How hard do you think it should be to find some information on the Internet? Not very. Google makes it easy to find information, but they don’t host any of it. That means that when Google tells me that it found something I might be interested in, I have to go the source to find it.
While Google does its job very well, the source of the information doesn’t always give it up so easily. For instance, earlier today I wanted to find a brief summary statement of Vincent van Gough’s life. Just a little blurb, nothing fancy like images or some kind of wow-me-silly presentation. Just a line that looked something like “Vincent van Gough was born in … he painted this many paintings in this style. Etc, etc….”
Naturally, I googled the term. Among others, that brought me to the ArtCyclopedia page on Vincent van Gough. But wait, don’t click on that link! Why? Because it’s a redirect page!

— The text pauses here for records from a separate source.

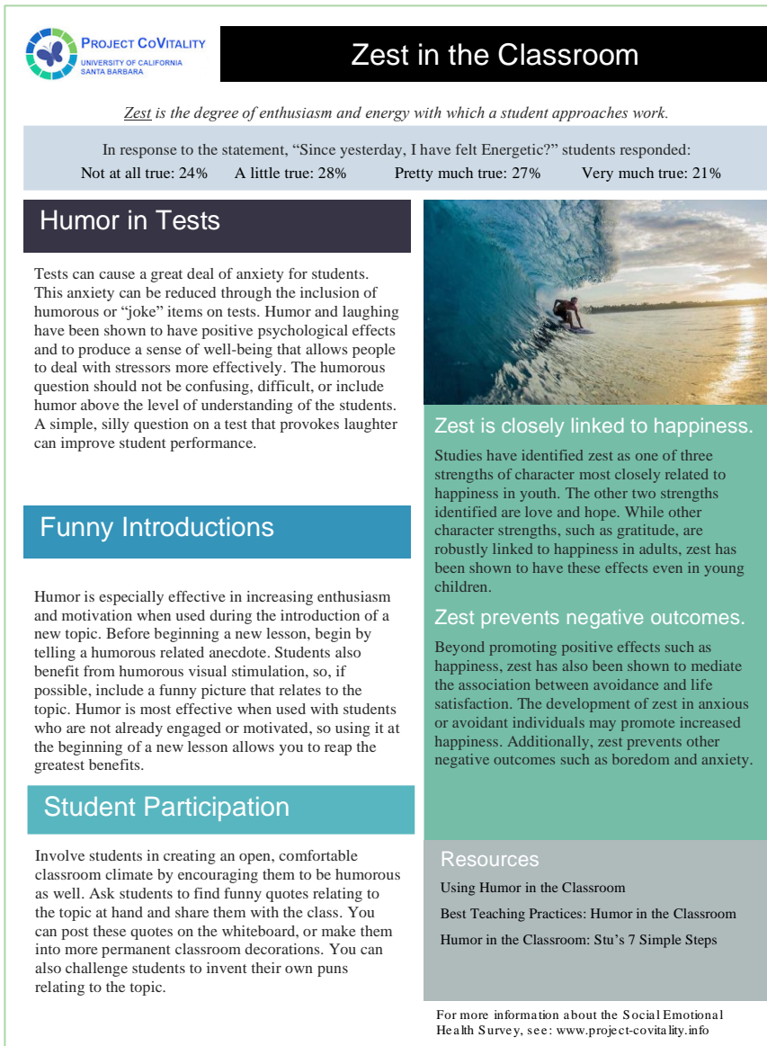
Figure 1. Example of Zest Information Handout. Also, see http://project-covitality.info/prevention-and-intervention/covitality-resource-list.pdf for additional information and strategies for the 12 Covitality Mindsets.

Twelve handouts were created summarizing classroom-based interventions and resources targeting the 12 strength areas measured by the SEHS-S; one was reviewed at each meeting (see an example handout in Figure 1). Finally,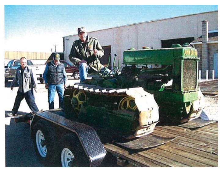
Loading for the ride to our engine shed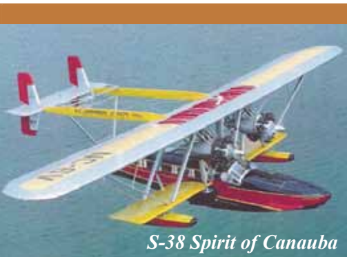
S-38 Spirit of Carnauba

Born Again Restoration built a second S-38 in the jungle Zebra color scheme. The original S-38 with a similar color scheme was used by Osa and Martin Johnson (no affiliation with Johnson Wax Company) during their expeditions to Africa in the 1930s photographing and filming wild life movies for Hollywood. This aircraft was called "Osa's Ark". 🌀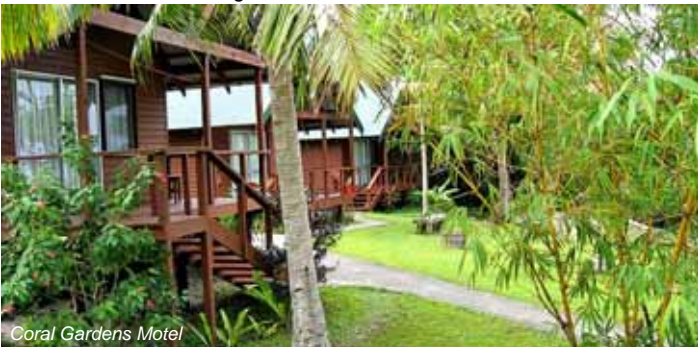
Coral Gardens Motel

Coral Gardens Motel is located a 6km north of Alofi and offers 5 comfortable studio type, self contained fale with cliff top ocean views. Each self catering fale has an individual patio, screened windows, ceiling and floor fans, fridge, TV, radio and spacious private bathroom. All fale have been designed with your privacy, peace and comfort in mind, providing a relaxing atmosphere for those wanting to escape. Take a dip in the natural cave on site and then head to the Sails Bar for a selection of cool drinks and snacks. The Sails Bar is open 7 days a week and the resort also offers free use of portable BBQ's and wireless internet access, as well as stunning ocean views.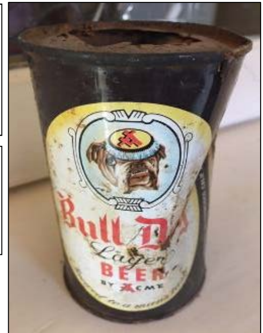
Right: Old beer can found in Oregon. ACME was owned by Olympia Brewery.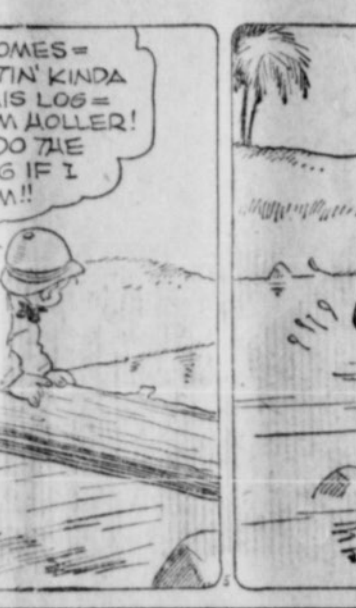
AWAHO AWAHO AWAHO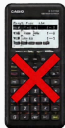
CASIO Graphing Calculator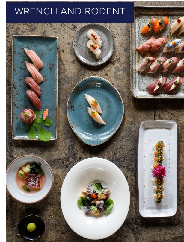
WRENCH AND RODENT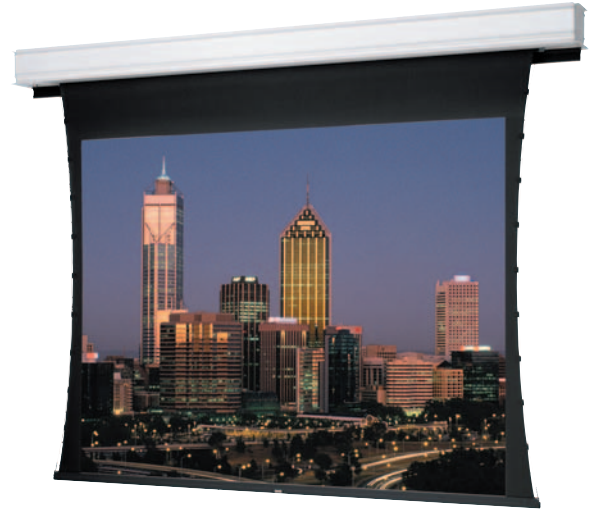
All fabrics will be seamless.

Dual motors with one operating the door and one operating the screen.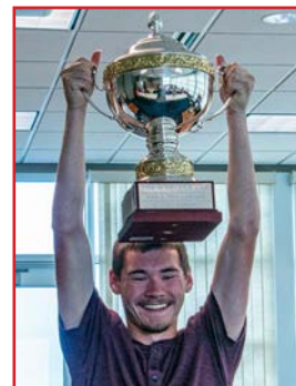
Schroder Cup Award Winner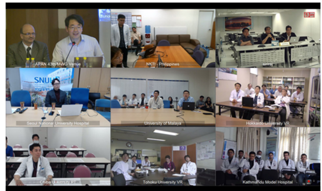
Teleconference view at Hokkaido University.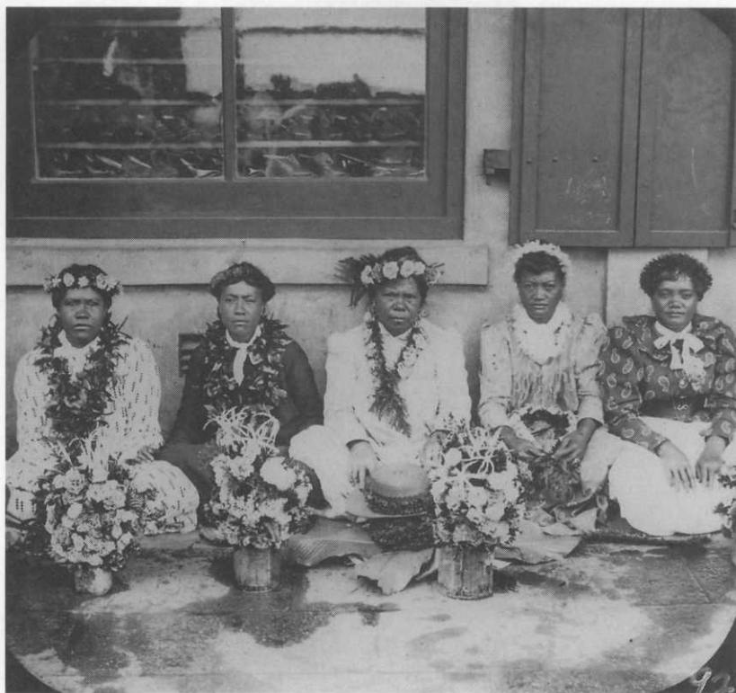
FIG. 3. Lei Sellers, Honolulu, ca. 1890.

By the 1880s, during the reign of Kalākaua, hula was performed at public events, including the coronation (1883) and the king's birthday celebrations. Although hula groups went to studios to pose for pictures following performances, few of the images were published in the nineteenth century. Visitors collected these images as "curiosities" for their souvenir photo albums. A series of photographs of Ioane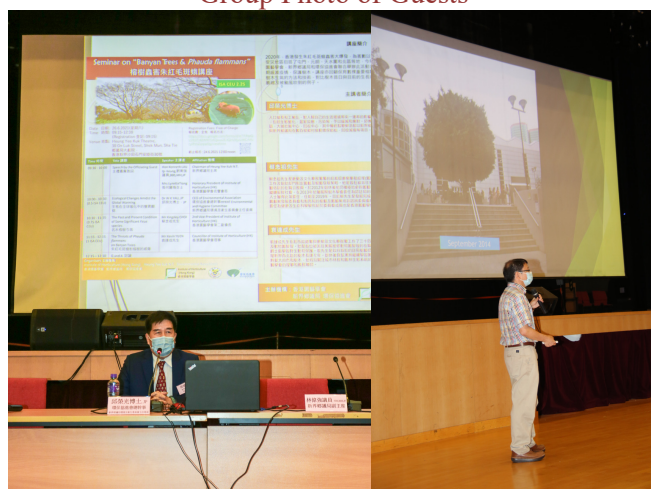
主講嘉賓進行演講 Talk delivered by Speakers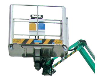
SUPERIOR ROTATION Outstanding accessibility with a 355° rotation (non-continuous) and 124° jib rotation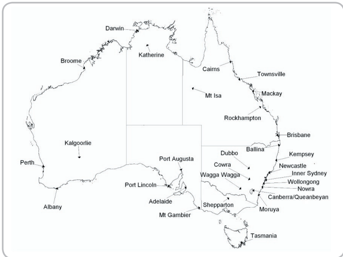
Fig. 2. Location of Indigenous Employment Centres, 2004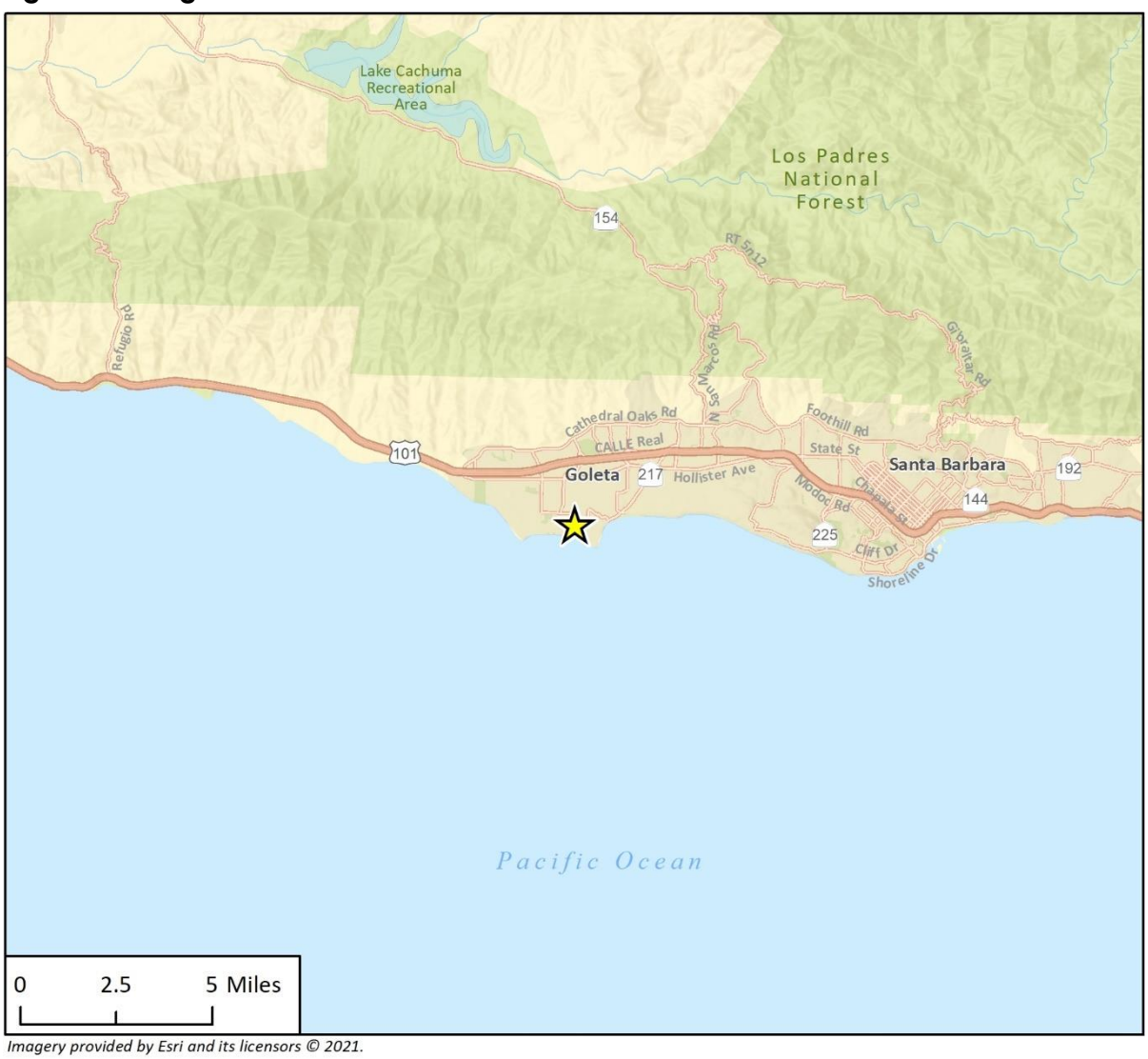
Figure 1 Regional Location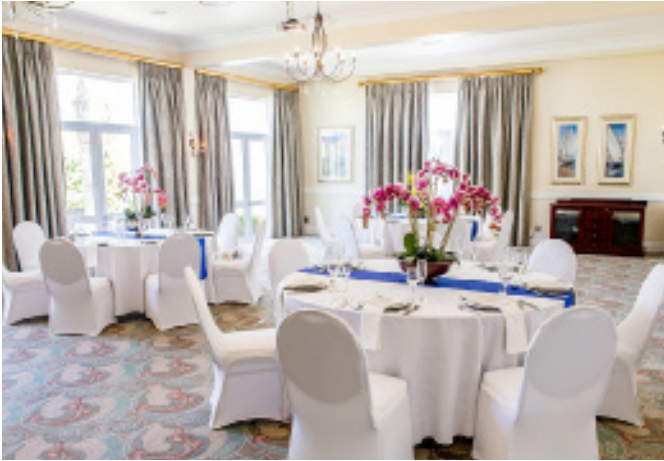
BANQUETING SET-UP Ideal for large product launches...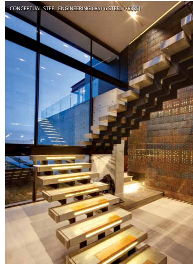
CONCEPTUAL STEEL ENGINEERING 0861 6 STEEL (78335)

and reinforce the bush-lodge concept, which can be noticed in his selection of materials, colours, and the way in which the house has a natural positive flow.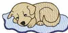
File: Doggy11.pes Stitches: 3321 Size: 3.87x1.86 "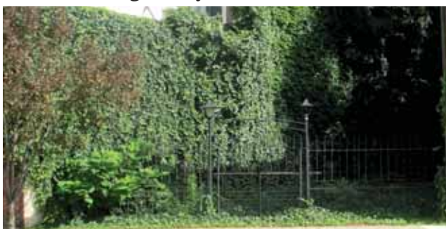
Future Beer Garden? Find Out Soon!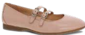
Ballet Nappa 2041-650600 (36-42)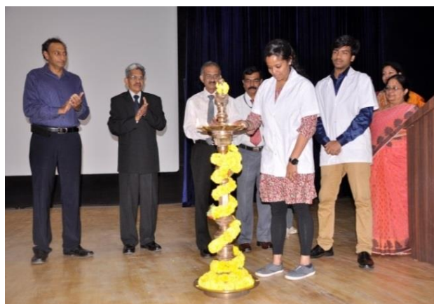
Workshop on "Competency Based Medical Education" for faculty on 03-09-2016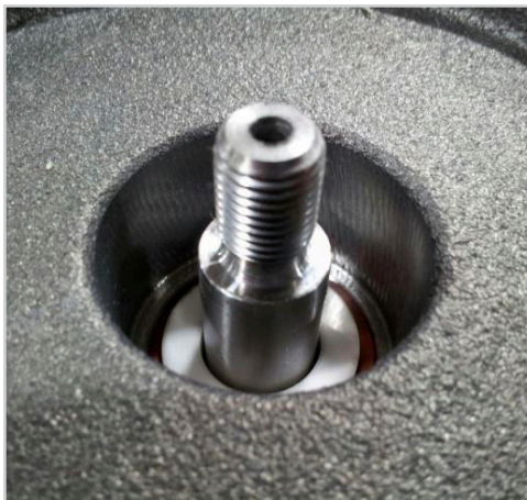
Install motor to housing, caution of ceramic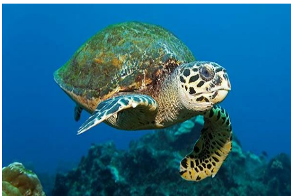
Loggerhead Sea Turtle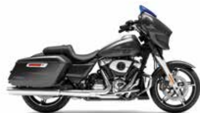
STREET GLIDE™ LIBERTY EDITION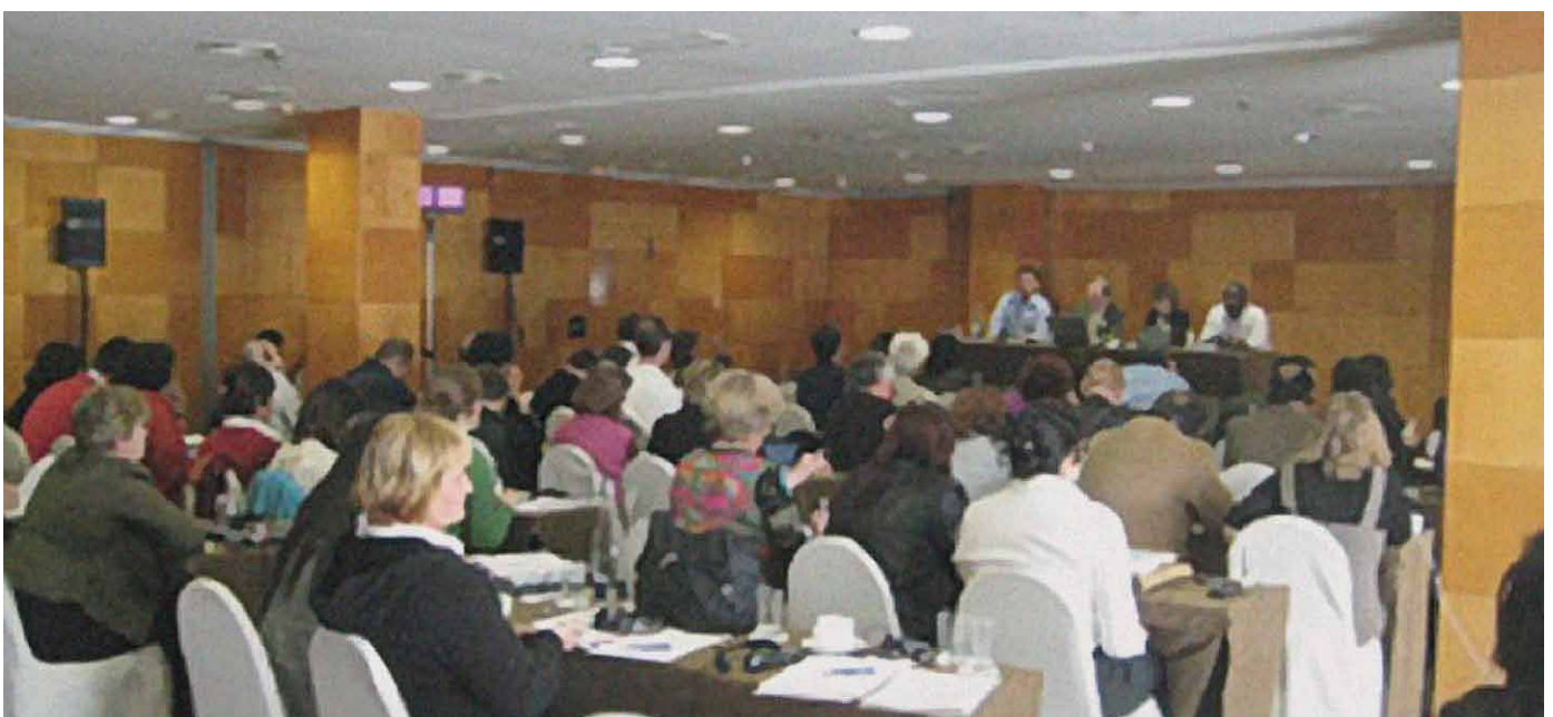
Presentation of the WLRI report on union recognition in the private healthcare sector to RCN representatives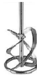
Drill mixing paddle #2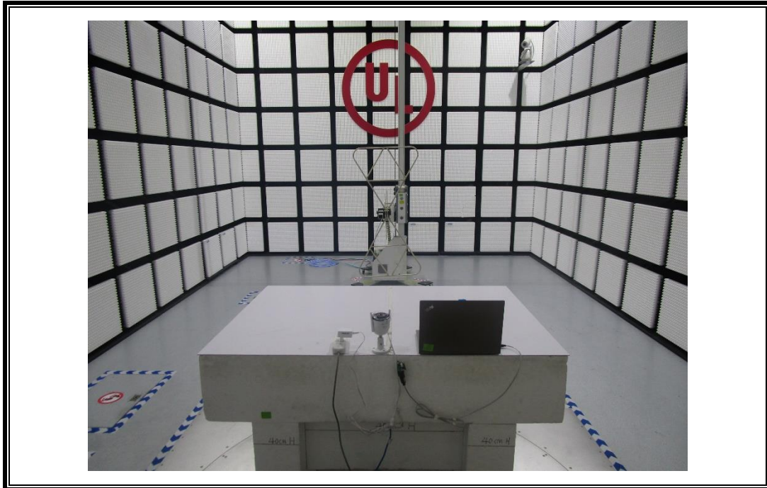
RADIATED RF MEASUREMENT SETUP (Below 30MHz)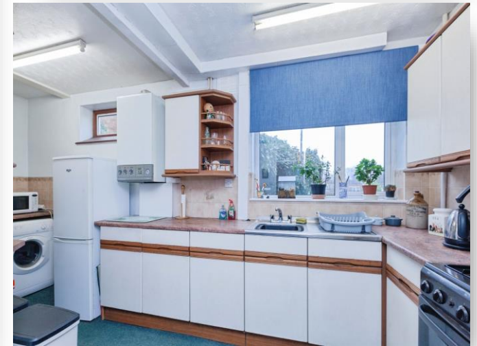
Dudley Avenue, Leicester LE5 2EG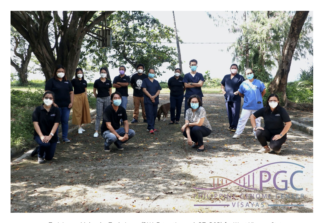
Training on Molecular Techniques (RNA Extraction and rRT- PCR) for West Visayas State University Medical Center COVID-19 Testing Laboratory Team.

Whole New World: Reigniting the Stalled Global Economy. The WebCon jumpstarted critical conversation and ignited ideas on how businesses could transform in response to the changes in the business landscape.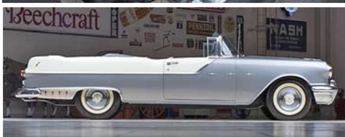
SOURCE: Photos & Text from http://www.barrett-jackson.com/Archive/Event/Item/1955-PONTIAC-STAR-CHIEF-CONVERTIBLE-178559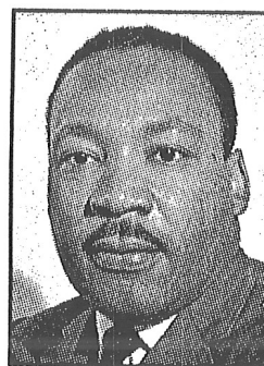
Martin Luther King

After searching for nearly 20 minutes, getting a redirect page was more than just frustrating, it was painful. First of all, there’s no reason at all why a redirect page can’t be automatic. Even a simple http-equiv="refresh" would have been better than making me click the link. I actually spent some time looking for link to the page I was supposed to go to because their link wasn’t clear enough.
Which leads me to point number one about redirects:
Always put the link at the top of the page, and make it as prominent as possible!
To get more technical, there’s actually no reason why a redirect page should be necessary at all! Using sever-side scripting one could easily output a Location HTTP header and be done with it. Alternatively, you could simply put a Redirect permanent line in a .htaccess file. And if you needed anything fancier, Apache’s mod_rewrite can turn any URI into any filename request imagineable!
So in the end, this redirect page wasn’t even necessary!
The real blow hit me when I actually got the right page. The problem here is two-fold.
- No information about Vincent van Gough is directly on the page. You need to click on hyperlinks to find anything out.
- The page is divided into two sections; a navbar sits on the left side of the site. But that navbar is frozen on the screen somehow and doesn’t scroll with the rest of the site! This wouldn’t be a problem if I had a monitor the length of a city block, but as it stands it presents a major navigational problem: I can’t get to the rest of the links, presumably where my desired information is, because the links aren’t accessible!
I wish this were a rare problem, but bad web sites like these exist in abundance all over the place. In the end, I got my information from Jordan, an 8th grader with better design skills than whoever did that blasted ArtCyclopedia design. Thank you Jordan!